Наташа Боровская - Дворянская дочь
Я не могла без смущения вспоминать об этом. Доктор Боткин улыбался, поглаживая редеющую бороду.
— А теперь ступайте-ка к своим друзьям, Их Императорские Высочества с нетерпением ждут вас. Когда Алексей Николаевич проснется, мы вас позовем.
Какой добрый, открытый человек доктор Боткин, совсем не похож на придворного лекаря! Он больше напоминает чеховского героя, подумала я, в то время как скороход, одетый в живописную ливрею времен императрицы Елизаветы, вел меня в игральную.
Оба камина пылали в знакомой комнате с бордюром в желто-зеленых павлиньих узорах, с высокими окнами, выходившими в парк, где на замерзших озерах виднелись заснеженные островки. Анастасия, единственная из сестер все еще носившая матроску, играла на полу с бульдогом Татьяны — кокер-спаниель наследника не покидал его комнаты. Все четыре девушки встали и окружили меня. Похорошевшая Мария была все такой же скромной и тихой, а Анастасия буквально засыпала меня вопросами. Однако Ольга Николаевна сказала:
— Тебе и Мари пора вернуться к урокам. Мамочка отдыхает после бессонной ночи возле маленького, и я — за старшую. Allez-vous en! Ступайте! — и она сделала повелительный жест рукой.
— Vite![46] — в тон сестре добавила Татьяна Николаевна.

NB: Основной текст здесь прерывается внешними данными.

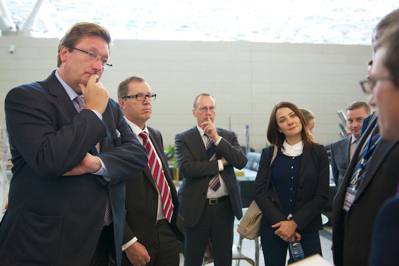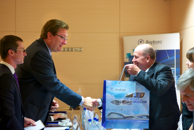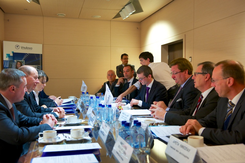 В составе делегации Дюссельдорфа прибыли Обербургомистр города господин Дирк Эльберс, директор Департамента экономического развития мэрии господин Уве Керкманн, генеральный директор аэропорта Дюссельдорф господин Кристоф Блюм и другие высокопоставленные гости. В аэропорту Внуково их встретили начальник управления международных связей Департамента внешнеэкономических и международных связей города Москвы Алексей Мешков, генеральный директор ОАО «Аэропорт Внуково» Василий Александров и другие представители руководства аэропорта.

— А раз так, то мы больше не будем подписываться ОТМА. — Сестры придумали анаграмму из первых букв своих имен. — Теперь мы будем tout court[47] MA, — выпалила в ответ Анастасия, и, взявшись за руки, они с Марией выпорхнули из комнаты.

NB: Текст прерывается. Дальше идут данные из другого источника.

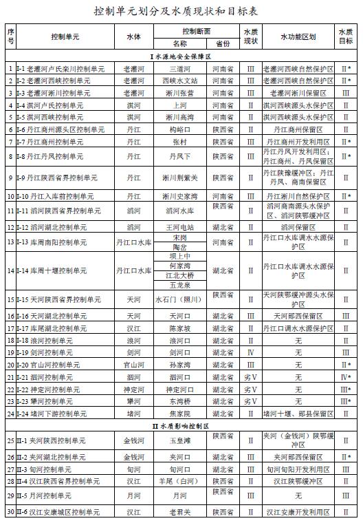 丹江口水庫和中線取水口水質(zhì)穩(wěn)定并保持Ⅱ類,庫區(qū)總氮濃度不劣于現(xiàn)狀水平;到2020年,漢江和丹江干流斷面水質(zhì)為Ⅱ類,其它直接匯入丹江口水庫的主要河流水質(zhì)達(dá)到水功能區(qū)水質(zhì)目標(biāo)。

Переглянувшись, мы улыбнулись. Затем взгляд Ольги стал серьезным, в глазах Татьяны появилась задумчивость. Они усадили меня на кушетку возле камина.
После того как мы поведали друг другу обо всем, что нас так волновало, Ольга Николаевна произнесла:
— Это такое облегчение для нас, Тата, что ты приехала, теперь Алексей должен тут же поправиться. И, может быть, ему не нужно будет больше приходить.
Впервые Ольга Николаевна так открыто выразила свою неприязнь к другу матери, хотя я и ранее об этом догадывалась, судя по ее поведению.
— Отец Григорий во дворце? — я тоже впервые упомянула имя Распутина.
— Он приходил вчера помолиться вместе с мамочкой. Она верит. Она верит, что его молитвы спасли маленького! — сказала Ольга Николаевна.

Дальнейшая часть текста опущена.